- Education: Zhejiang University University of Tokyo
- Scientific career
- Workplaces: Osaka University National Institute for Materials Science

= Jinhua Ye =

Chinese chemist

Jinhua Ye is a Chinese chemist who is a professor at the National Institute for Materials Science in Tsukuba. Her research considers high-temperature superconductors for photocatalysis. She was elected Fellow of the Royal Society of Chemistry in 2016 and has been included in the Clarivate Analytics Highly Cited Researcher every year since then.

== Early life and education ==
Ye became interested in science fiction as a child. She was particularly interested in a story by Ye Yonglie that included a castle made from diamond. Ye learned that photocatalysis could split water into hydrogen and oxygen. She then became inspired by Jules Verne's The Mysterious Island,I believe that water will one day be employed as fuel, that hydrogen and oxygen which constitute it, used singly or together, will furnish an inexhaustible source of heat and light, of an intensity of which coal is not capable. She studied chemistry at the Zhejiang University. After completing her undergraduate degree, she moved to Japan, where she joined the University of Tokyo. After earning her doctorate in 1990, she joined Osaka University as a research associate.

== Research and career ==
In 1991, Ye joined the National Institute for Materials Science. She was made Director of Photocatalytic Materials Center in 2006 and Director of Environmental Remediation Materials in 2011.

Ye has dedicated her career to the realization of artificial photosynthesis.

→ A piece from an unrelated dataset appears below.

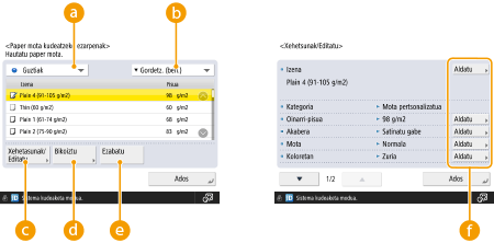 Paper-mota pertsonalizatuaren ezarpenak erregistratzean, aldatu iezaiozu izena. Makinan erregistratutako paper-mota lehenetsien ezarpenak ezin dituzu aldatu.
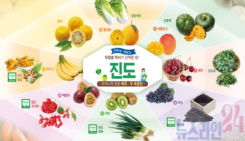 특히, 농림축산식품부에서 인증하는 지리적표시 4대 우수 농산물인 진도검정쌀, 진도대파, 진도구기자, 진도울금과 조도쑥, 월동배추, 유자, 단호박 등 총 15개 품목을 담았다.

She is particularly interested in the development of materials that harvest the most sunlight. Ye has studied the reaction mechanisms, and, in an effort to overcome harsh reaction kinetics, has worked on the careful construction of interfaces. In particular, Ye has developed nano-structured surfaces that enhance reactivities, and, using localized surface plasmon resonance, broaden the spectral range of her photocatalytic materials.

Ye was elected Fellow of the Royal Society of Chemistry in 2016. In 2022, she was included by the American Chemical Society Energy Letters in their list of the world's leading women scientists in energy research.